Jacob de Jager (1923 – )
August 13, 2007
August 10, 2007
A conversation with my little brother just now has made me photo-hungry for family. So just for fun I am posting this one: Mom and I were playing around with my Mac while out running errands. Returning home, I showed our photo booth shots to the boy, at which point Alex teased us for looking like a “girl band.” The boys and I then decided to play off on that theme and make our best “boy/girl band” faces. This is the end result of the combination of the the two . . . the J**jan Clan Band? :-)
August 8, 2007
It is a strange pleasure, an exquisite ordinary-ness, to have a “normal” day job. The simple routine of going into the office each day, of earning a small but consistent paycheck, of having an office . . . it is all so much more than just a simple joy. I am finding the greatest of pleasures in the most unexpected places, in activities I used to regard as utterly, undesirably humdrum: organizing my rolodex, filing paperwork in its proper alphabetical order, signing and dating paperwork.
But the greatest pleasure is that of listening to the residents. I get to have the “job” of letting them tell me their stories. “How did you get the first name “Lloyd?” I asked Miss Marguerite. Once I had shouted loudly enough into her ear for my voice to be audible [to her 92-year-old ears that don’t work quite so well anymore], her face lit up with a wide grin, Well, my Daddy named me. See his first sweetheart was named Marguerite Lloyd. So when my Mama had me, he decided to name me after her—I guess he figured if he switched the name around my Mama wouldn’t get a bee in her bonnet about it. So here I am now: Lloyd Marguerite!
August 4, 2007
I was struck today by the difficulties of working with the Burundi refugees . . . the newness is wearing off a bit—the “honeymoon” period, if you will. So now I am getting more concerned about the hugeness of the task of teaching them—and the hugeness of the problems they will face in general as they try to acclimate to life here. There is so much that needs to be done before they can live independently and I worry about the logistics of it all. How will the children get registered in school in a couple of weeks now? Who will help them with all the practical matters entailed in moving into their temporary government housing? How will the children get used to school life here when they don’t even understand English yet? . . .

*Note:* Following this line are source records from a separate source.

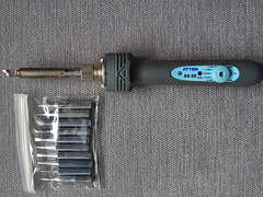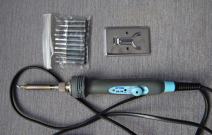 Некогда флагман в своем классе) Керамический нагреватель. Мощность: 50 Вт. Комплект: паяльник, набор жал, подставка, инструкция на английском. Из плюсов: отличный внешний вид, нескользящий пластик, возможность регулировки температуры, супер мягкий кабель с выключателем. Рукоятка во время работы не греется. 700 руб
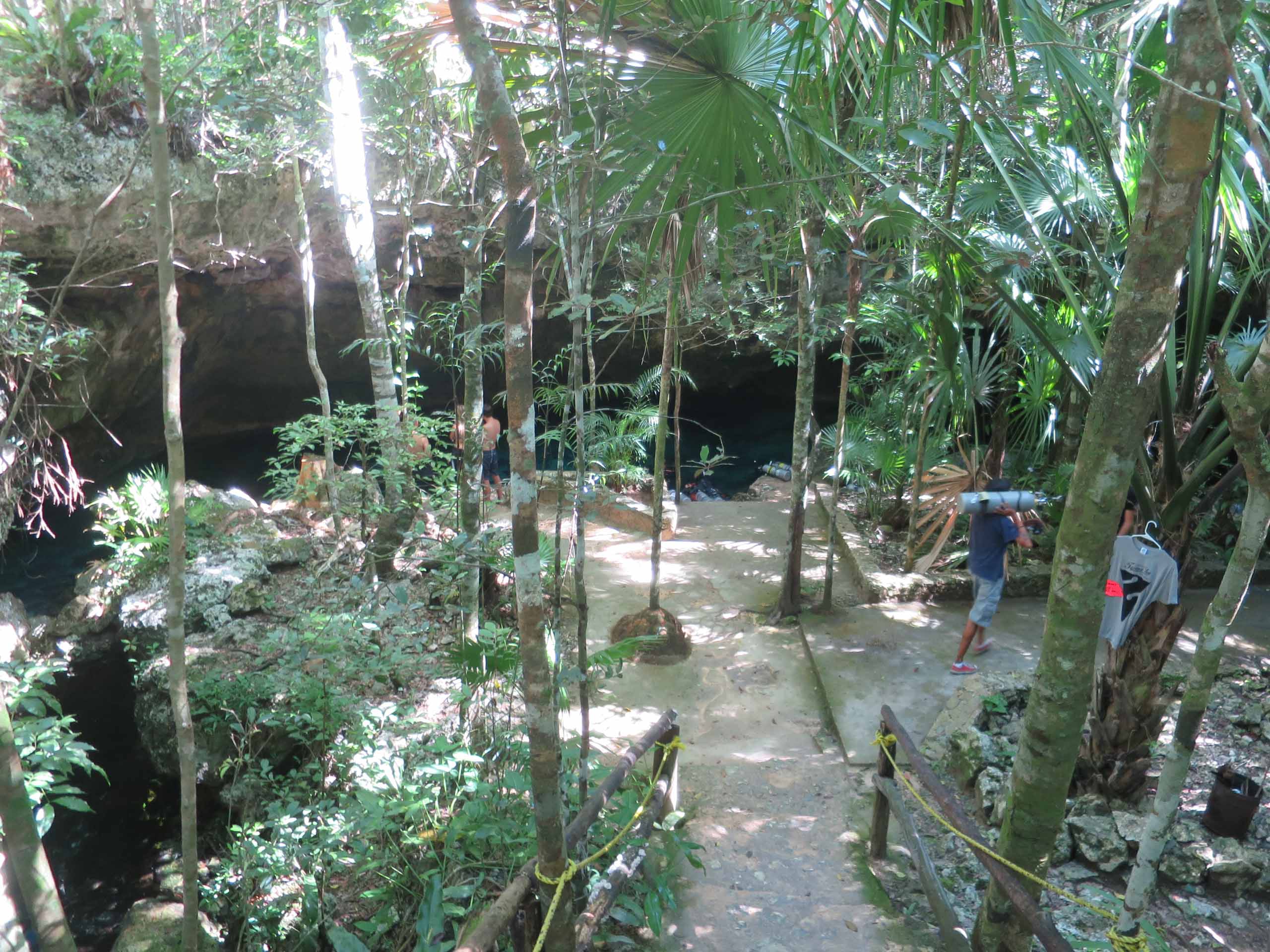 Igual que en el cenote Tjma Ha, el acceso al cenote Dos Ojos es muy sencillo. La mecánica es también la misma, llegar muy cerca con el coche, llevar el equipo hasta la entrada del cenote, explicación de las inmersiones con el mapa, equiparse, ¡y al agua!
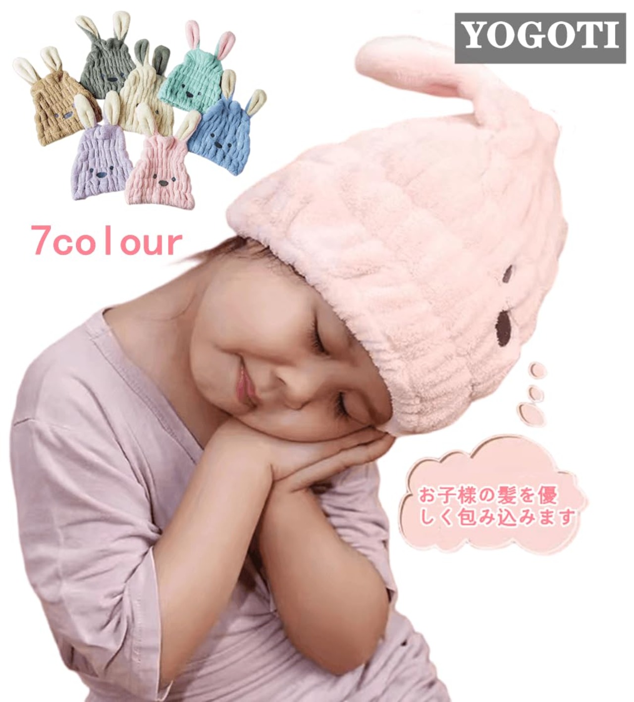 【在庫セール】YOGOTI タオルキャップ ドライキャップ ヘアドライタオル ヘアキャップ タオル 帽子 キッズ 子供 可愛い うさぎ 強い吸水力 速乾 洗顔 プール お風呂上り 被るだけ 7色 男女兼用 (アイボリー) | ニコニコSHOP
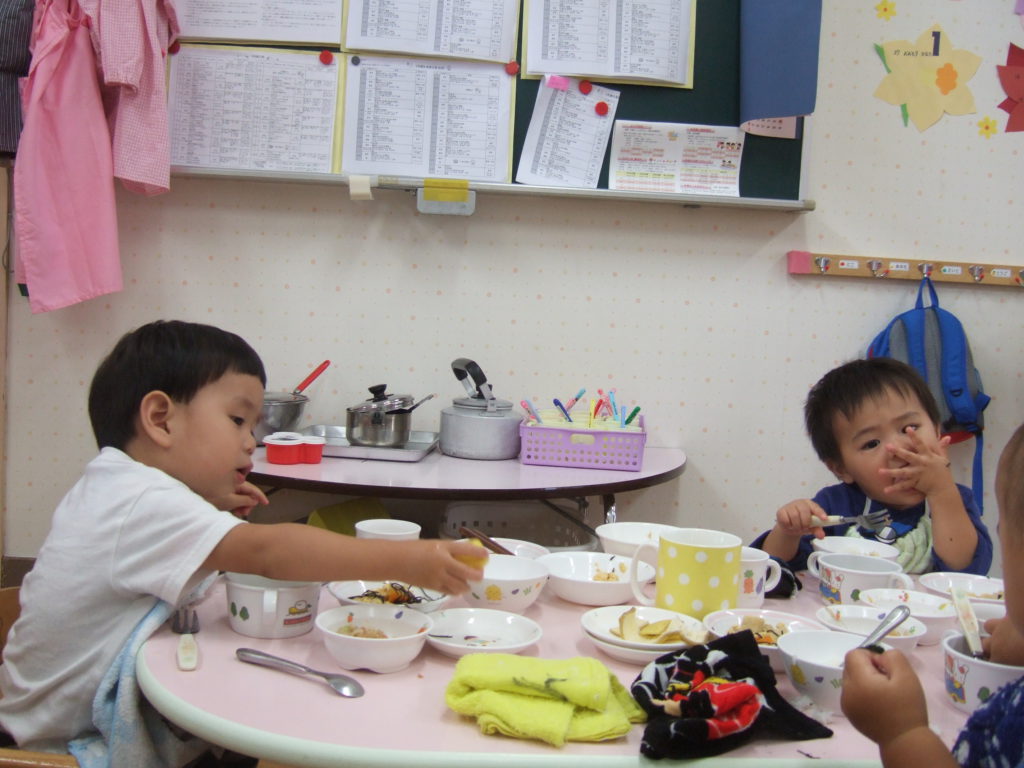 手づかみ食べでダイナミックに食べる子ども達でした。
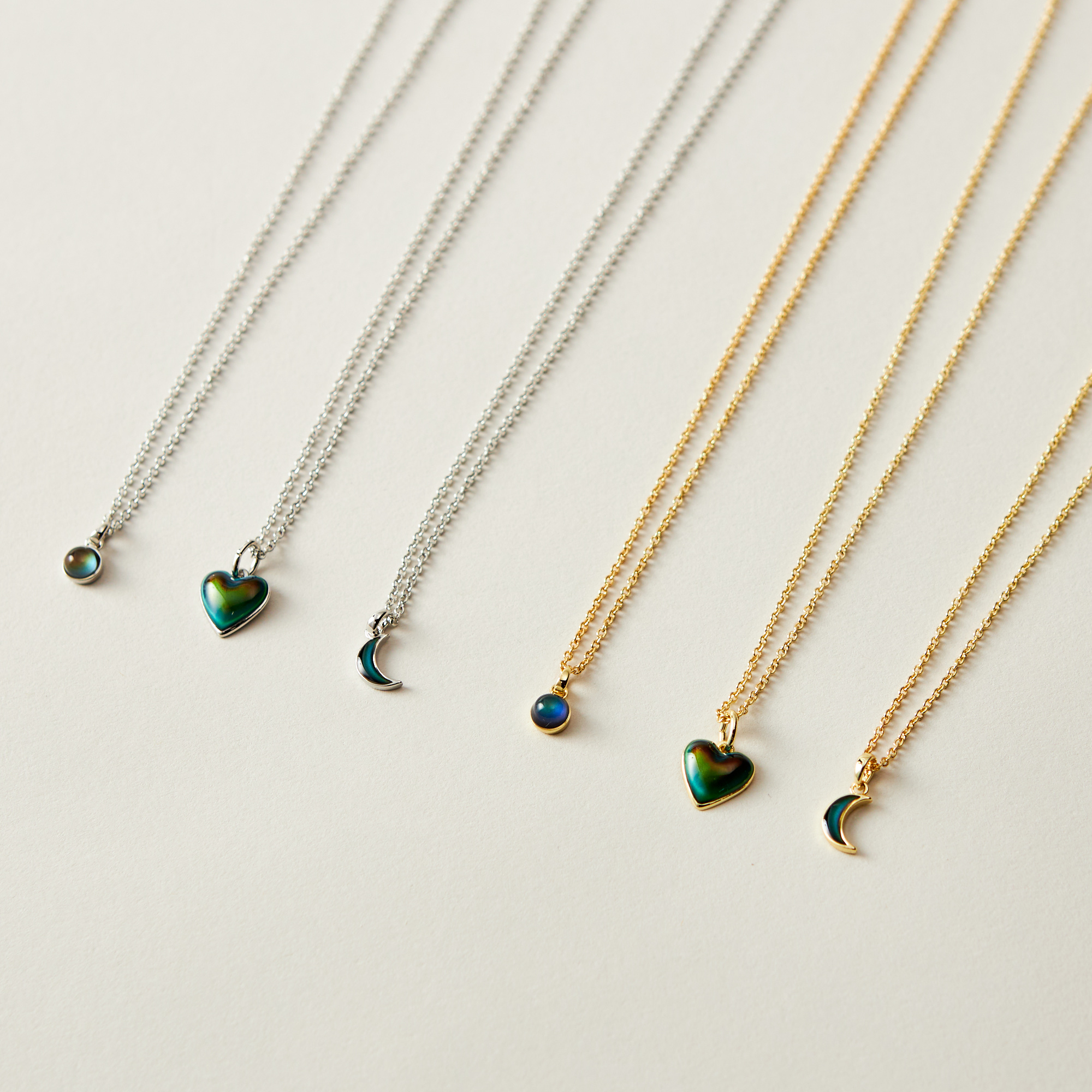 大口注文・法人のお問い合わせはこちら特殊な樹脂により体温や気温で色が変化するアクセサリー。 マル・ハート・ツキのシンプルなデザインモチーフなのでデイリーに使いやすいのもポイントです!
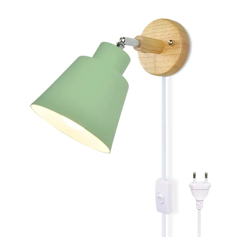 Nordic Wood Wall Lamp with Plug and 1.8 Meters Line Cable with Knob Switch
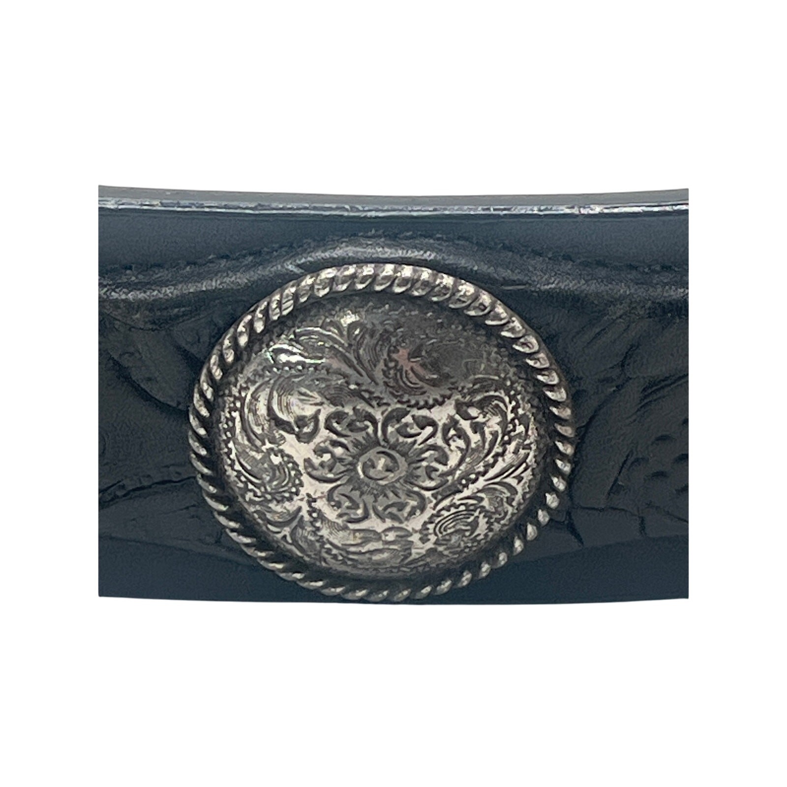 Western Floral Tooled Black Genuine Leather Silver Concho Belt Cowgirl Rustic
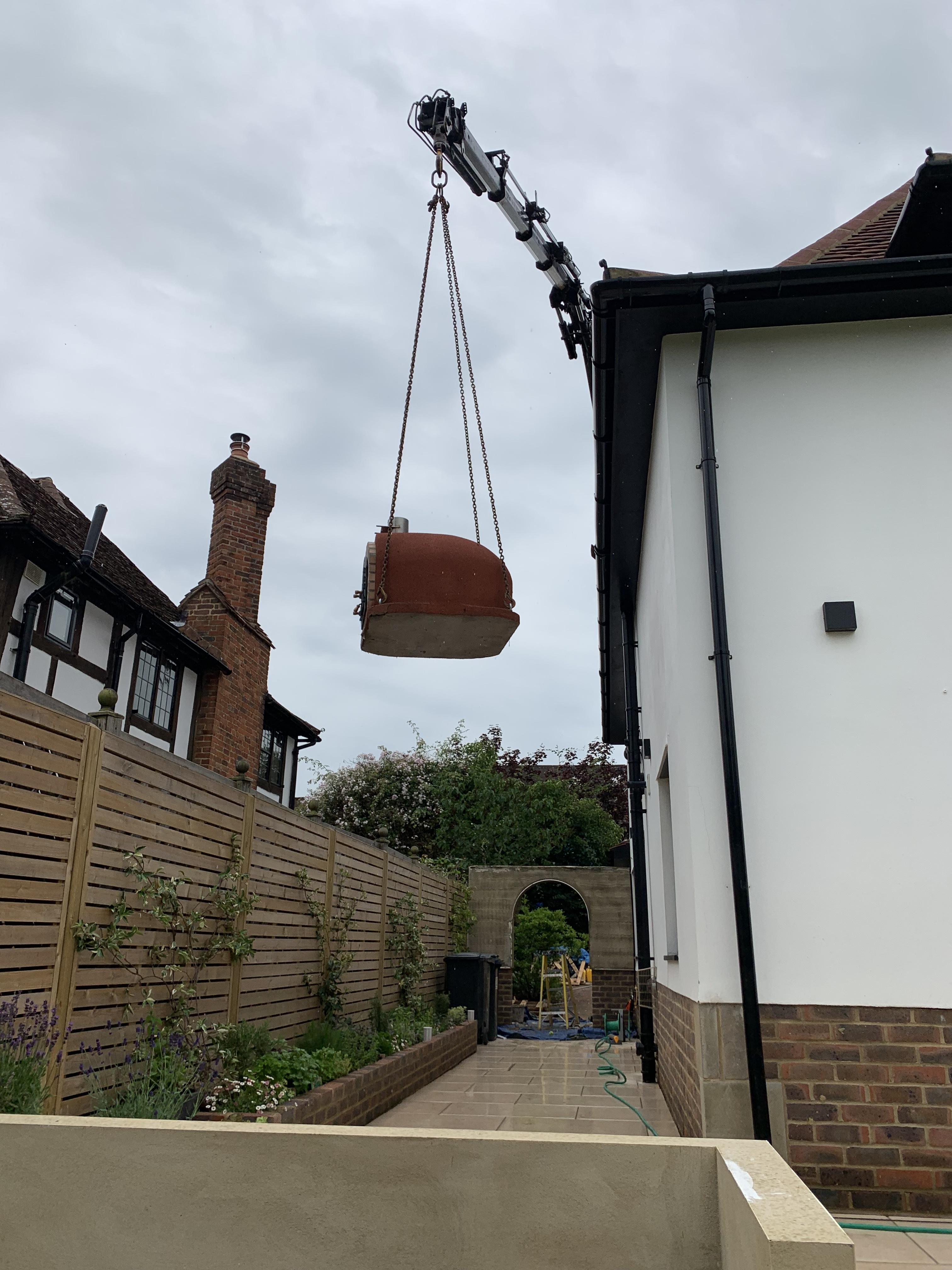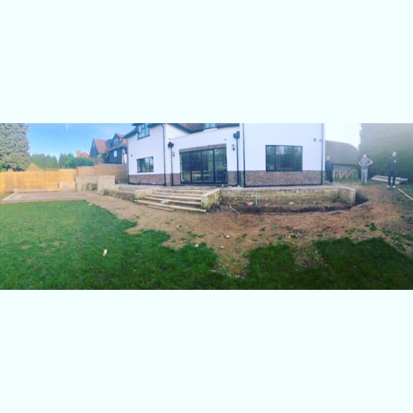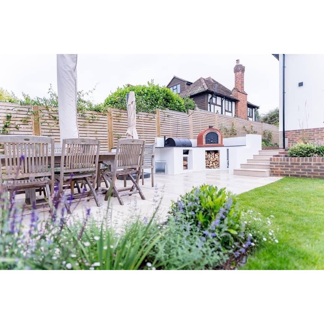 This lovely couple in oxted ended up unfortunately having some bad experiences with 2 landscaping companies prior to us starting the works which needed to be carried out. We demolished what was left and started over forming this spectacular Garden, installing new retaining walls and brick planters. We also formed and exterior kitchen with a granite worktops. A 1 tonne pizza oven was then lifted over the house using a crane to install it onto the new worktop.

My head starts to spin just trying to figure out what needs to be done, never mind figuring out how to do it! But of course it is not up to me. And Lord knows we would be in a sorry state if it were! Thankfully there are people much more suited to figuring out logistics and, well, just “taking care of business,” than I will ever be!
Anyhow, telling of the past few days of lessons are the phrases that have become my most useful Swahili words of late: Wacha hio, Sikisa hapa, and Hapana. Loosely translated, that would be “Don’t touch that,” [for when they get overly zealous about starting the tape player again that we use for ngoma, or “drum and dance”], “Listen to me!” [this one needs no explanation, I expect], and “No” [i.e. no, don’t climb in my car and lay on the horn today—that was a rather noisy ordeal yesterday!].
So we stumble along each day. We figure things out as we go, making plenty of mistakes, laughing at mistaken translations, getting frustrated when we can’t understand each other . . . and, by grace, perhaps we make some learning progress along the way.